Nous avons mentionné les dolmens disséminés sur la vaste colline de Buzeins , désignée sous le nom des Camps. Nous avons qualifié ces monuments de splendides, titre beaucoup trop fastueux, paraît-il, pour des tombes dont la richesse et l'art sont à si grande distance de la richesse et de l'art de nos tombes modernes, auxquelles nous avons l'habitude d'accorder de semblables titres. Mais ne pouvaient-elles pas être splendides et merveilleuses aux yeux de ces générations reculées qui surent les élever sans le secours de la mécanique et les mille ressources que l'étude et l'expérience nous ont données depuis? Il avait fallu traîner sur place ces larges dalles extraites au loin, d'une longeur de 5 à 6 mètres et d'une épaisseur qui dépasse quelquefois 70 centimètres. Il fallait dresser celles-ci sur champ, et puis, par un suprême effort, hisser la lourde table qui devait protéger les cendres vénérées du défunt et lui conserver à travers plusieurs siècles les objets qui lui furent chers. Ne pouvaient-elles pas être splendides, aux yeux de nos vieux ancêtres, ces tombes qui nous étonnent encore nous-mêmes par la majesté de leurs masses? Pour nous, les dolmens de la colline de Buzeins sont les plus beaux et les plus imposants de tous ceux que nous avons recontrés dans notre département. Mais voici le revers de cette médaille : il n’existe pas un seul de ces tombeaux qui n’ait été dévasté. Le photographe seul peut tirer bon parti d’une douzaine en reproduisant leur figure pour la conserver à la science. Depuis quelques mois seulement leurs cellæ sont veuves de leurs vieilles cendres et des objets précieux qu’elles renfermaient. Des hommes étrangers au département ont emporté, pour leur vaine curiosité peut-être, ce qui devait être pour l’histoire une utile pièce justificative. Sur leurs décombres, livrés aux vents, nous avons pu cependant recueillir quelques épaves. Ce sont 14 bouts de flèches en silex ; un 15e est en bronze ; un superbe couteau également en silex ; deux petites haches en pierre, plusieurs grains de collier en albâtre gris, en serpentine, en coquillage et en bronze, enfin un grand vase grossièrement orné et d’une belle conservation.

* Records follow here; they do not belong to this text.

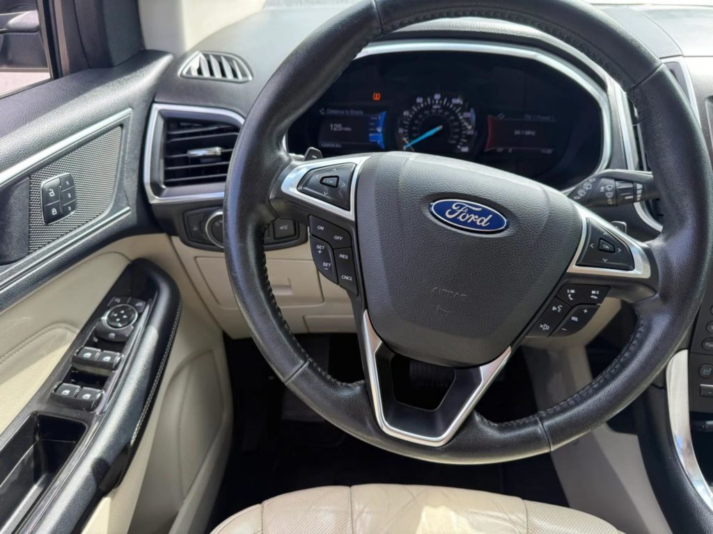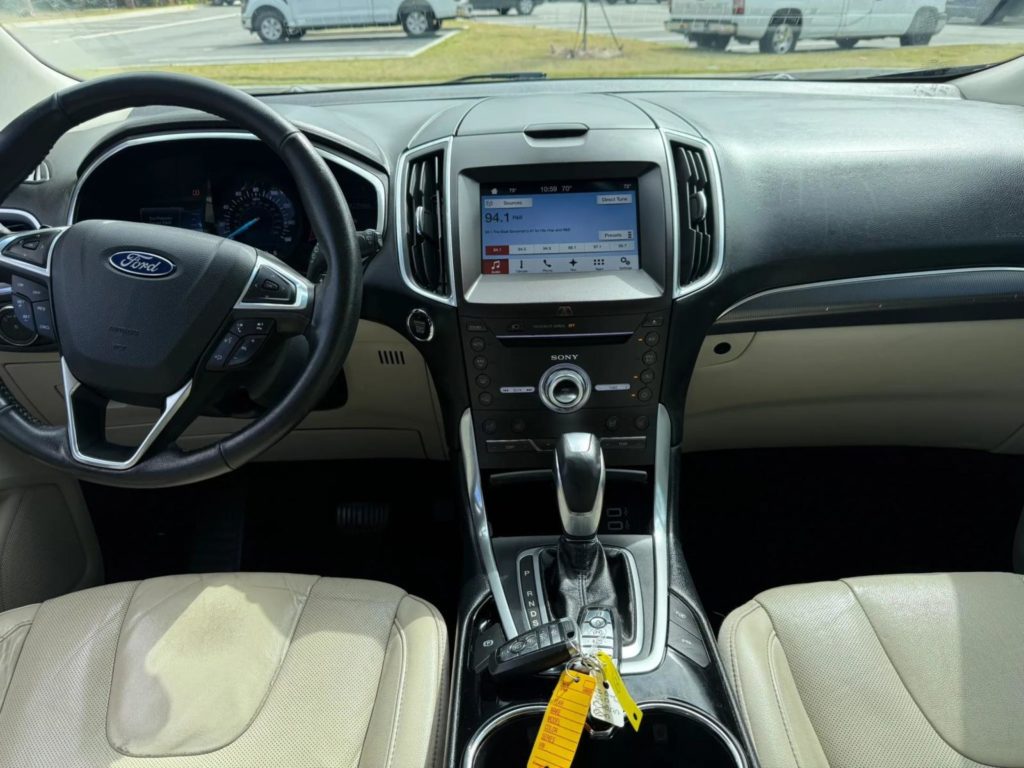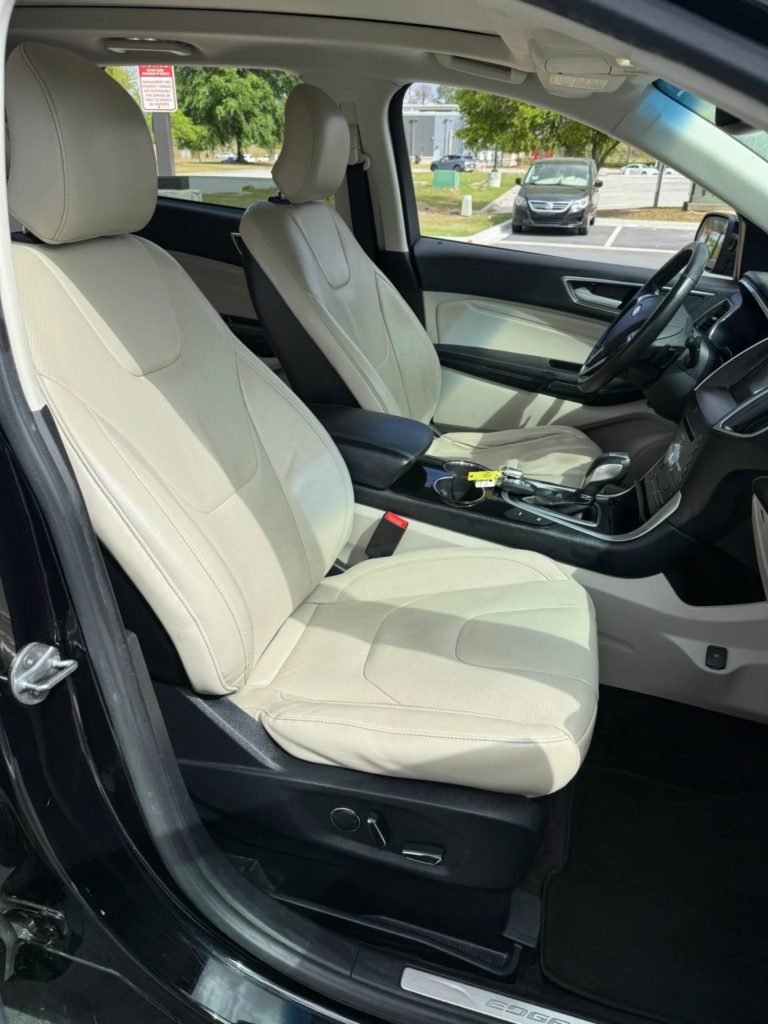 About the Vehicle: 2017 Ford Edge for sale. Platinum trim. Black exterior. Leather interior. V6 engine with 129,xxx miles. Automatic AWD transmission. All electric windows, locks, and mirrors. Navigation. AM/FM radio. Bluetooth ready. Cruise control. Panoramic sunroof. Front and rear parking sensors. Front and rear cameras. Front electric sliding seats with cooling and heated seats. Heated seats in the rear. Cold AC. Hot heat. Dual climate control.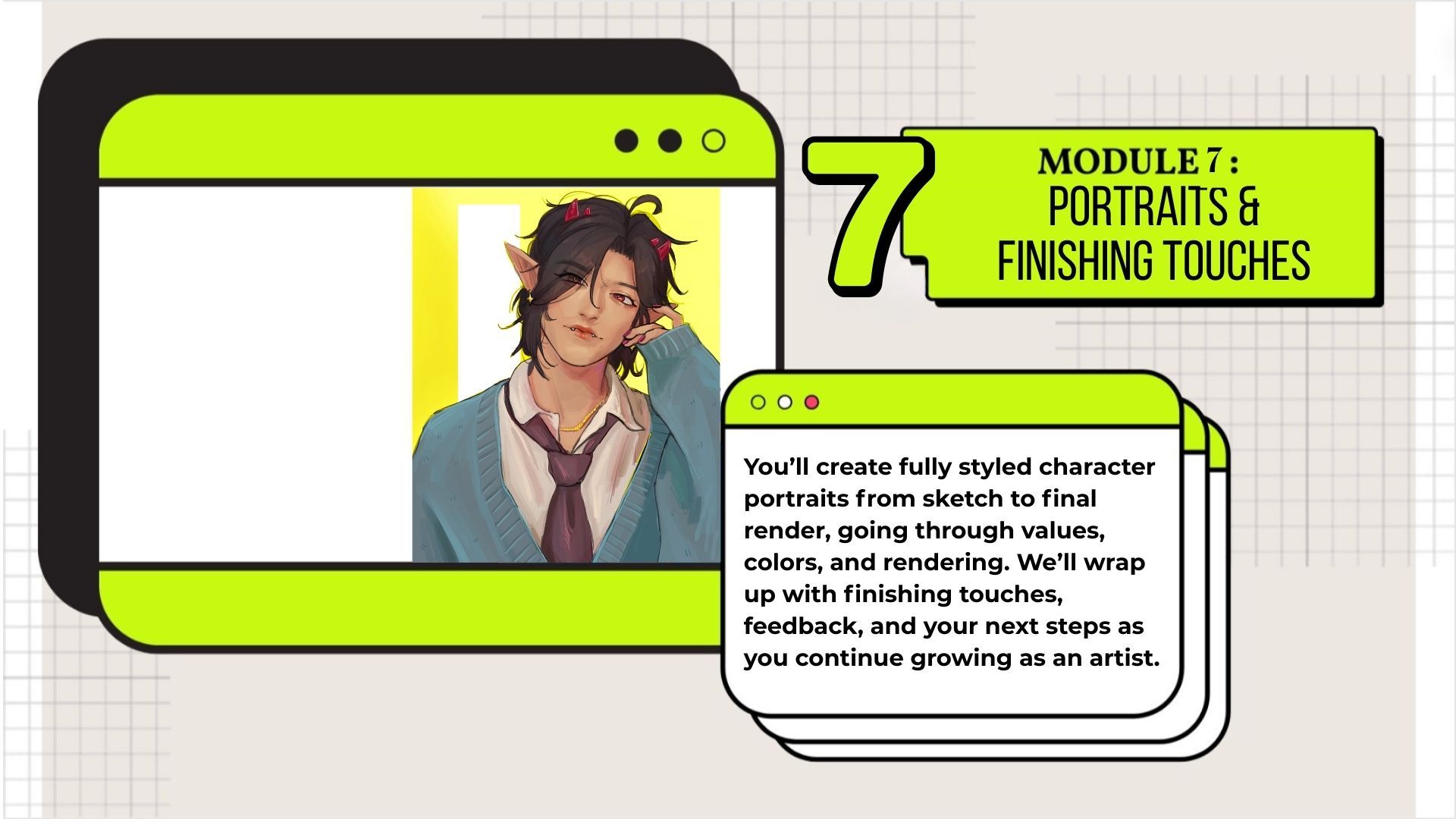 By the end, you won’t just have finished character portraits, you’ll have the skills and confidence to keep creating characters that feel alive and uniquely yours.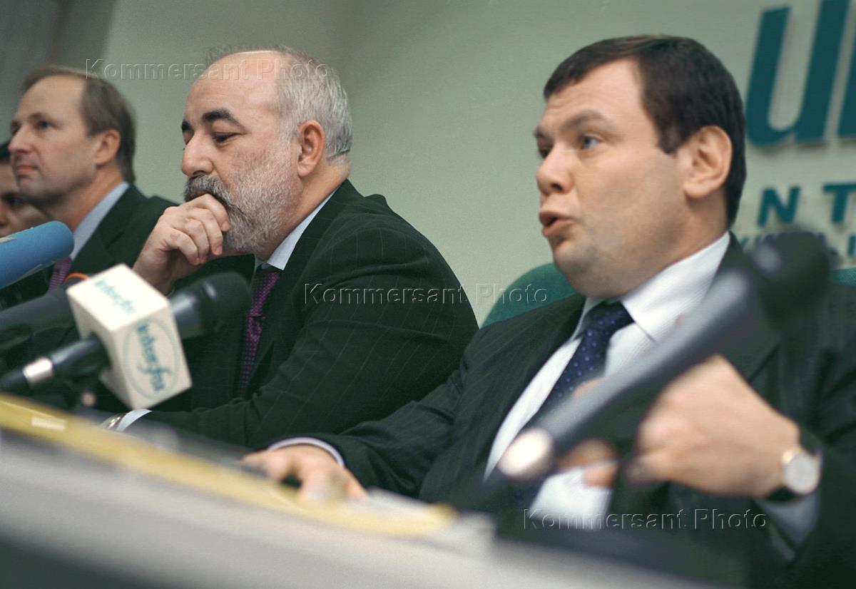 Вице-президент группы "BP" Роберт Дадли (слева), председатель совета директоров "Ренова" Виктор Вексельберг (в центре) и президент "Альфа-банка" Михаил Фридман (справа) во время пресс-конференции о создании компаниями "Альфа-Групп", Access/Renova и BP нового нефтяного холдинга в России. Пресс-конференция состоялась в агентстве "Интерфакс".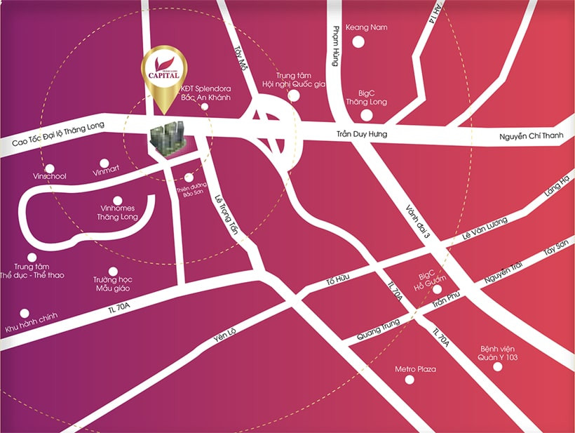 Bản đồ vị trí đắc địa của chung cư Thăng Long Capital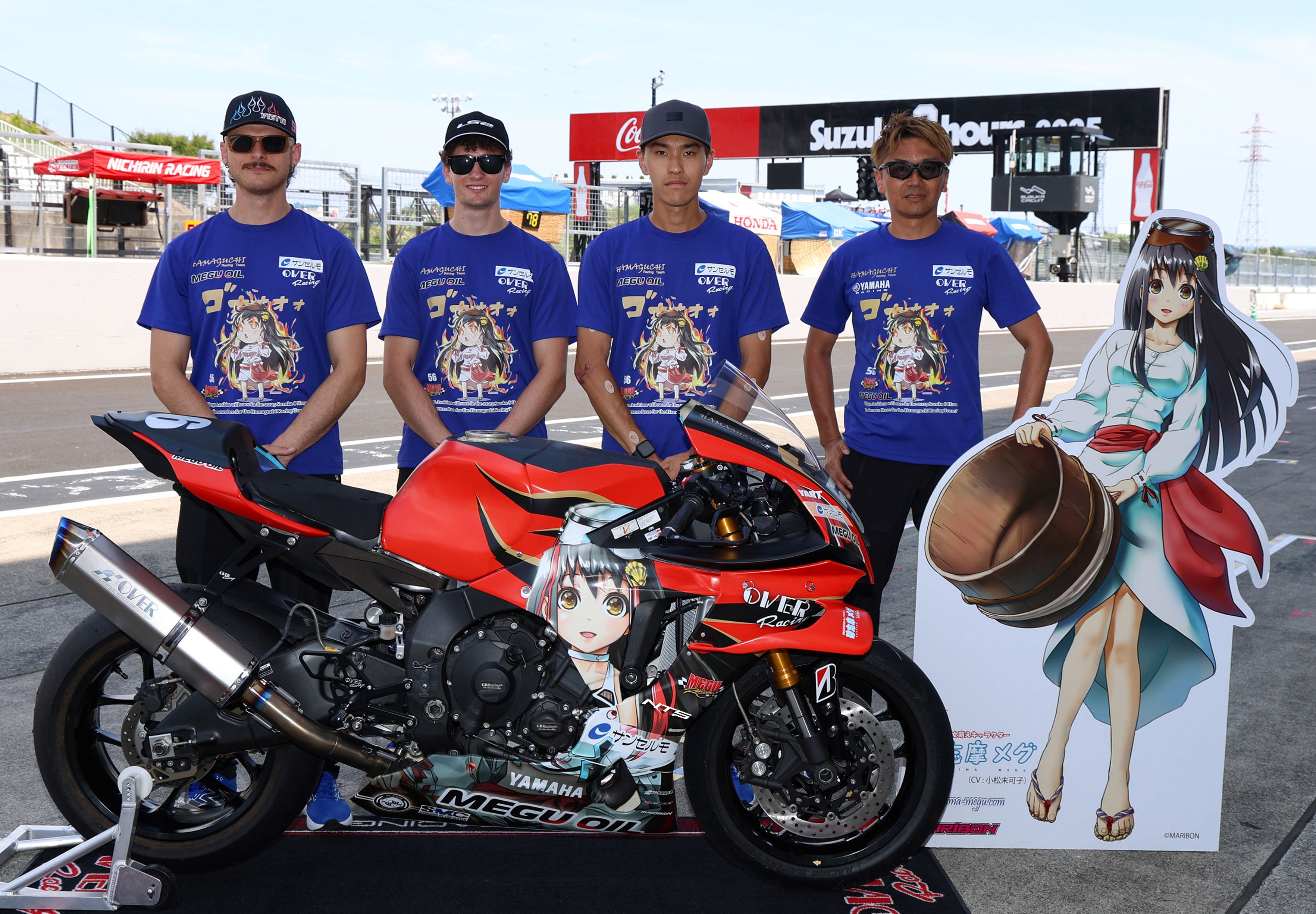 今回、鈴鹿8耐に挑戦したチーム NO.56「AOSHIMA MEGU with HAMAGUCHI Racing」は、横山尚太選手(日本)、Jan Mohr選手(オーストリア)、Doriano Vietti Ramus選手(イタリア)の3名のライダーが参戦します。チーム名の通り、碧志摩メグが描かれた「痛バイク」での挑戦は、ただのバイクレースにとどまらない、オタク文化の発信として世界的に大きな注目を集めること間違いなしです!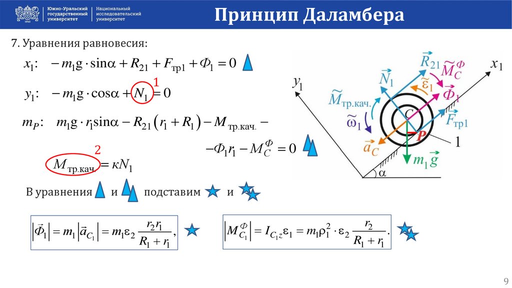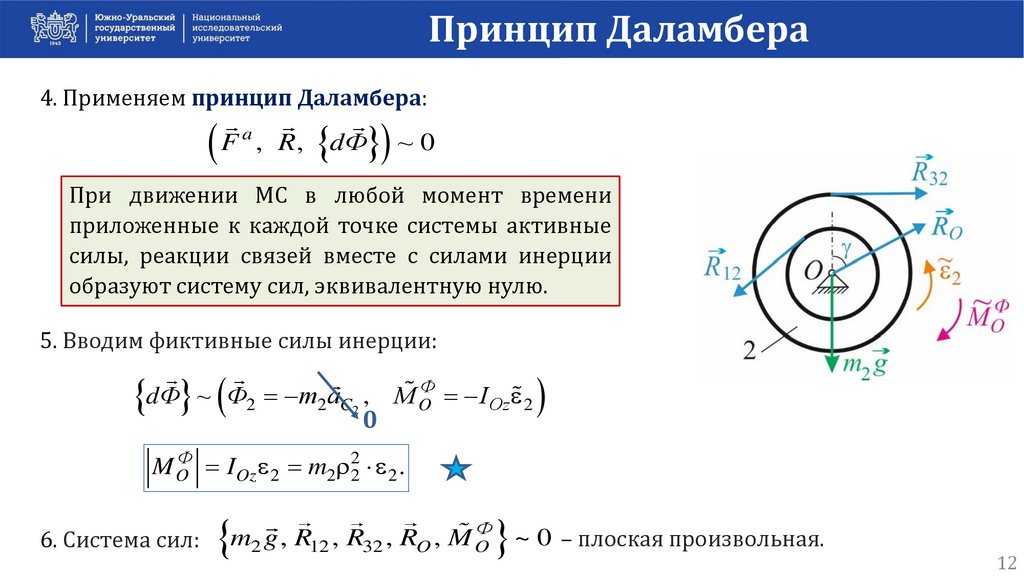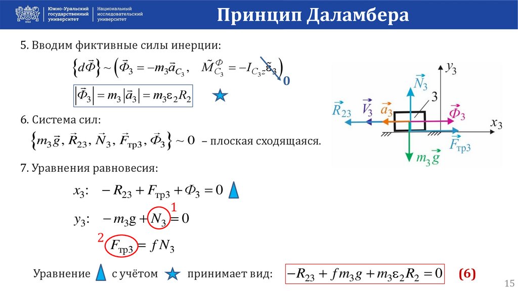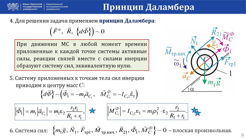 Принцип Даламбера5. Вводим фиктивные силы инерции: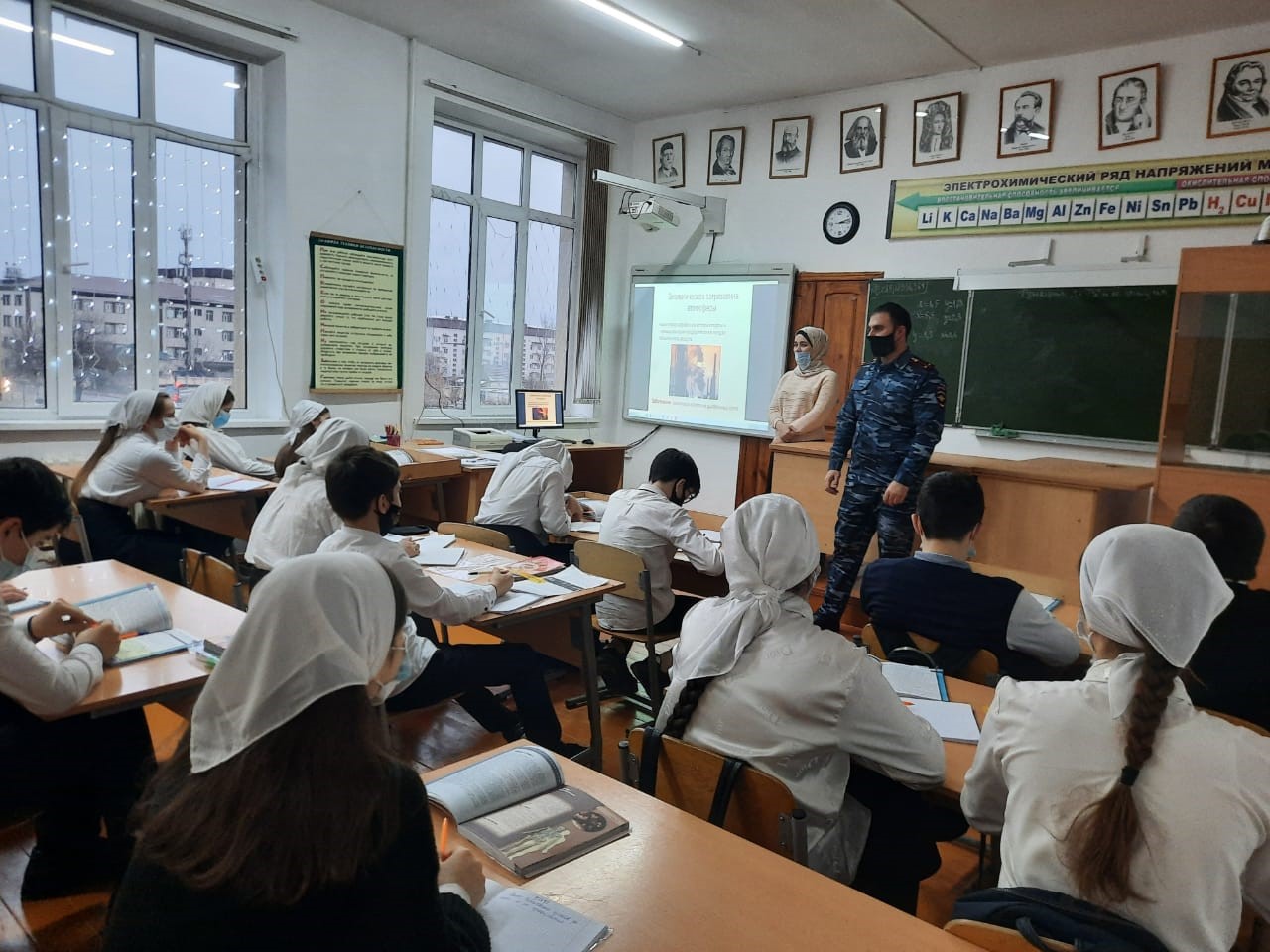 Проведено общешкольное родительское собрания с представителями ОПДН УВД г Грозного. Родители были ознакомлены с термином «Экстремизм», особенностями его проявления, основными признаками того, что подросток начинает попадать под влияние экстремистской идеологии. Родителям напомнили об ответственности родительского контроля за деятельностью детей и подростков в сети Интернет.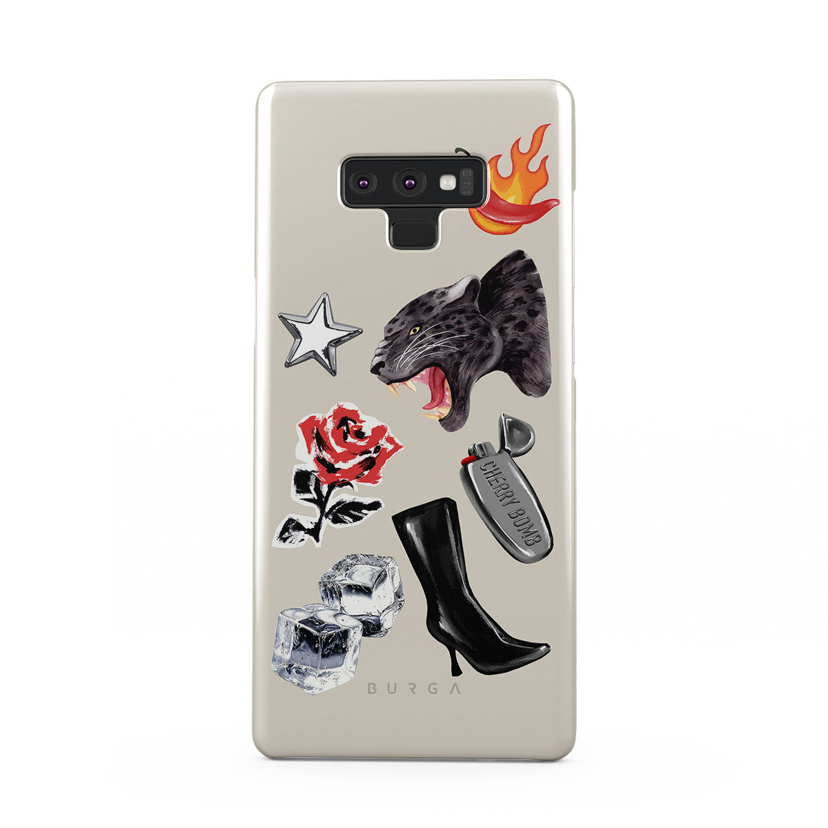 This design features: black panther, red rose, burning bell pepper, silver lighter, black knee-high boots, ice cubes, silver star

Ces dolmens, au nombre d’une vingtaine environ, diffèrent peu dans leurs dimensions, qui est de 5 à 6 mètres de longueur sur 1 mètre 50 de largeur. Leur profondeur varie de 70 centimètres à 2 mètres. La plupart sont encore entourés de leurs tumulus. Ils ont tous leurs portes vers l’orient, excepté deux qui l’ont l’un au sud et l’autre au nord. Plusieurs possèdent encore leur table intacte et presque aussi large que longue. A Buzeins, les dolmens sont appelés cibourniès (cineraria), tandis que dans la plupart des autres localités du département ils sont désignés sous le nom de tombes des Anglais, tombes de géants, maisons des fées, etc.


  1. A été déjà publié, à peu de chose près, dans le Bulletin monumental, n° 3, 1874.
  2. Une croyance populaire attribue aux Anglais un veau d'or et des trésors qui auraient été cachés par eux dans la terre, à l'époque où ils furent expulsés de nos contrées. Toute localité qui possède des ruines anciennes croit que ces prétendus trésors s'y trouvent enfouis.